Data records
- - - -
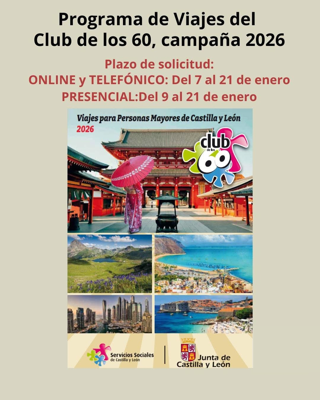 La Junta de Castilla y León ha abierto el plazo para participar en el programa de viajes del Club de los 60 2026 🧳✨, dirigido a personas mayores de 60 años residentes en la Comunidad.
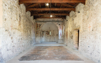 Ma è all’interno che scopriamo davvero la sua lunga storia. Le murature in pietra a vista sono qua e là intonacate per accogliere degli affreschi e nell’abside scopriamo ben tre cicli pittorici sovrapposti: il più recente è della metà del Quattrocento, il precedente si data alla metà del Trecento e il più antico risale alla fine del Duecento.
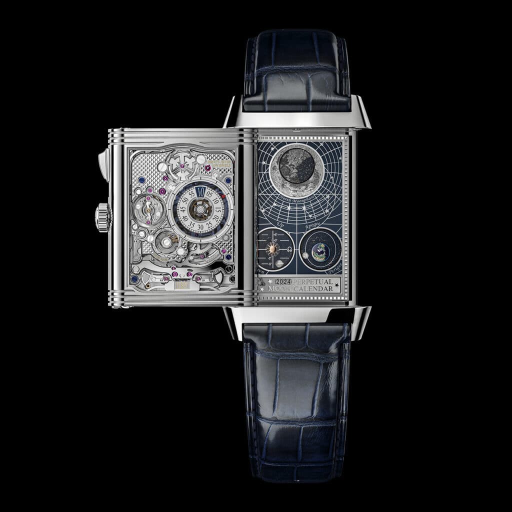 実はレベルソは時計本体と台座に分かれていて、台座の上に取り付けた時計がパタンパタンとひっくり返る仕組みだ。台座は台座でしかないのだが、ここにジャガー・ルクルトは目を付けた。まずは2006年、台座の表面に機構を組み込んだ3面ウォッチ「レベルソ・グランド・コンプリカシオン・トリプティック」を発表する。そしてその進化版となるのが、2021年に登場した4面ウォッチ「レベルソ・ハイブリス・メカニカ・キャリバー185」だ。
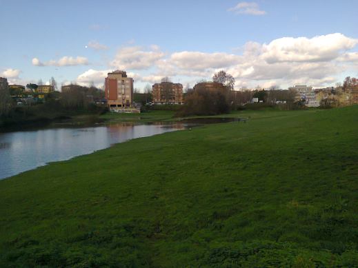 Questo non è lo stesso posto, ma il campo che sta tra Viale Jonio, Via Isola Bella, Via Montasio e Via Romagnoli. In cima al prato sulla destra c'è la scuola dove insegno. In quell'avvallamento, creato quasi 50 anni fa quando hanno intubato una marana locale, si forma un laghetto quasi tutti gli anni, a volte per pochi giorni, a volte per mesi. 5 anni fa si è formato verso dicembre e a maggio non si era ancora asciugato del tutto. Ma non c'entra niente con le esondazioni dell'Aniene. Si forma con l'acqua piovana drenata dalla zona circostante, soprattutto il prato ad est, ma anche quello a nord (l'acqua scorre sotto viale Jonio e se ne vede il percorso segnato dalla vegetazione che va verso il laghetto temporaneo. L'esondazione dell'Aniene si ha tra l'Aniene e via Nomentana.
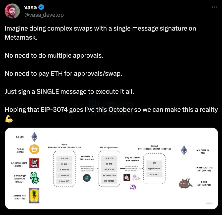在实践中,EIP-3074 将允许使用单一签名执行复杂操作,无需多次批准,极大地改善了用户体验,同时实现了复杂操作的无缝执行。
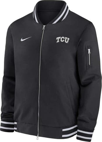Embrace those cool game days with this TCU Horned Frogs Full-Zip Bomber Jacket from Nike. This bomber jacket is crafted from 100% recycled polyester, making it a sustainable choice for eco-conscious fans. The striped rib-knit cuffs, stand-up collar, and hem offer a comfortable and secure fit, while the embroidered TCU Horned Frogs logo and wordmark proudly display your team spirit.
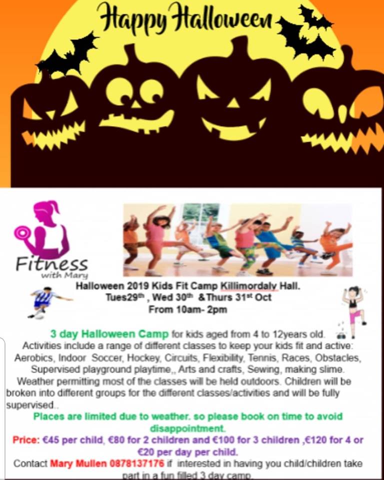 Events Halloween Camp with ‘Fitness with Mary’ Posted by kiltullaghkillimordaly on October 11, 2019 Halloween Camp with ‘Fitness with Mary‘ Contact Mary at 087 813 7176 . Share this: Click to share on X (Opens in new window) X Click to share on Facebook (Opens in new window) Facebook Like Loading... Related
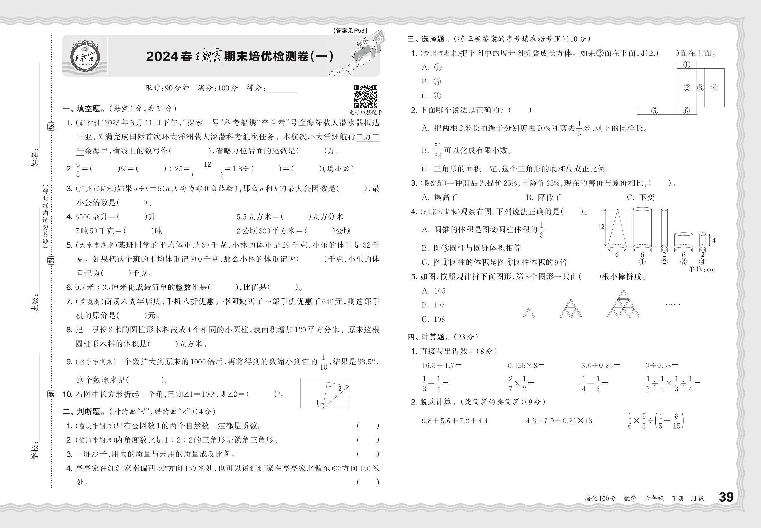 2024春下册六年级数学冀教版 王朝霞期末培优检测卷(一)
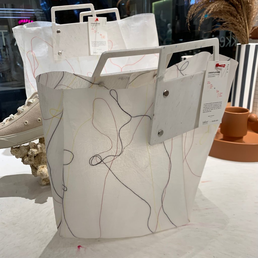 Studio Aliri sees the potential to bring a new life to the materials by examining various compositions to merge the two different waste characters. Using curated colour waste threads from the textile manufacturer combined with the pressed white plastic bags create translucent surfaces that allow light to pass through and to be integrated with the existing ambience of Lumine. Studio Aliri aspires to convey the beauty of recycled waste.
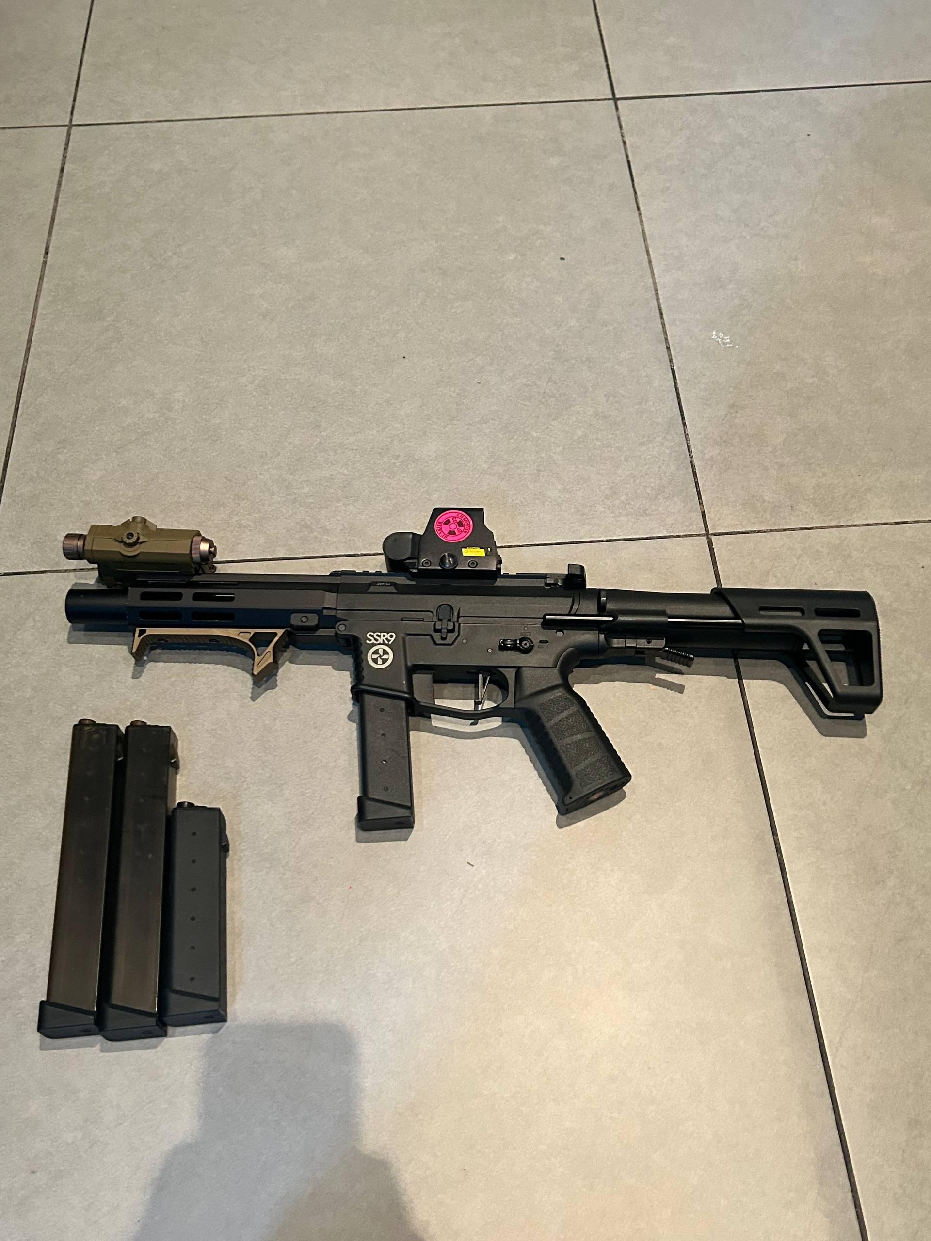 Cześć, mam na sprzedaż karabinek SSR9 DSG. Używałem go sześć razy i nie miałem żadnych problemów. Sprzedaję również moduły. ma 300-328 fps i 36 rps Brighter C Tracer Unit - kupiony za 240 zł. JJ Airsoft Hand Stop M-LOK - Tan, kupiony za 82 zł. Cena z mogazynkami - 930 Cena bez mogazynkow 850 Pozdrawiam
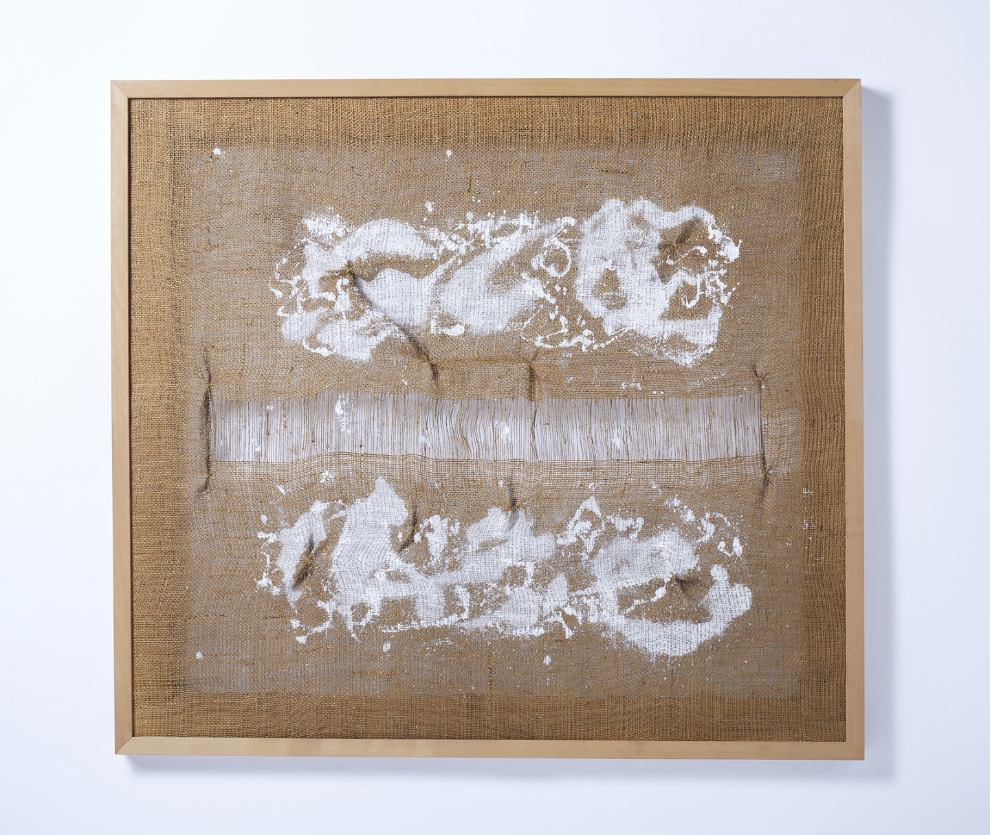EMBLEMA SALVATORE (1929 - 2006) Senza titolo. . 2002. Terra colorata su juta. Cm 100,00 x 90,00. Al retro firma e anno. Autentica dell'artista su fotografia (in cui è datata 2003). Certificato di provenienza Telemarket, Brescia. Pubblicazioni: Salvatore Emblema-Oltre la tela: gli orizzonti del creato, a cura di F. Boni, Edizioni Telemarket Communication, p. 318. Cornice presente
- - - -
◆ PROBLEM TO SOLVE ◆
Pick up at the line containing "Cześć, mam na" and copy each line exactly until the data ends, including that last line; copy no pictures.

◆ TASK OUTPUT ◆
 Cześć, mam na sprzedaż karabinek SSR9 DSG. Używałem go sześć razy i nie miałem żadnych problemów. Sprzedaję również moduły. ma 300-328 fps i 36 rps Brighter C Tracer Unit - kupiony za 240 zł. JJ Airsoft Hand Stop M-LOK - Tan, kupiony za 82 zł. Cena z mogazynkami - 930 Cena bez mogazynkow 850 Pozdrawiam
EMBLEMA SALVATORE (1929 - 2006) Senza titolo. . 2002. Terra colorata su juta. Cm 100,00 x 90,00. Al retro firma e anno. Autentica dell'artista su fotografia (in cui è datata 2003). Certificato di provenienza Telemarket, Brescia. Pubblicazioni: Salvatore Emblema-Oltre la tela: gli orizzonti del creato, a cura di F. Boni, Edizioni Telemarket Communication, p. 318. Cornice presente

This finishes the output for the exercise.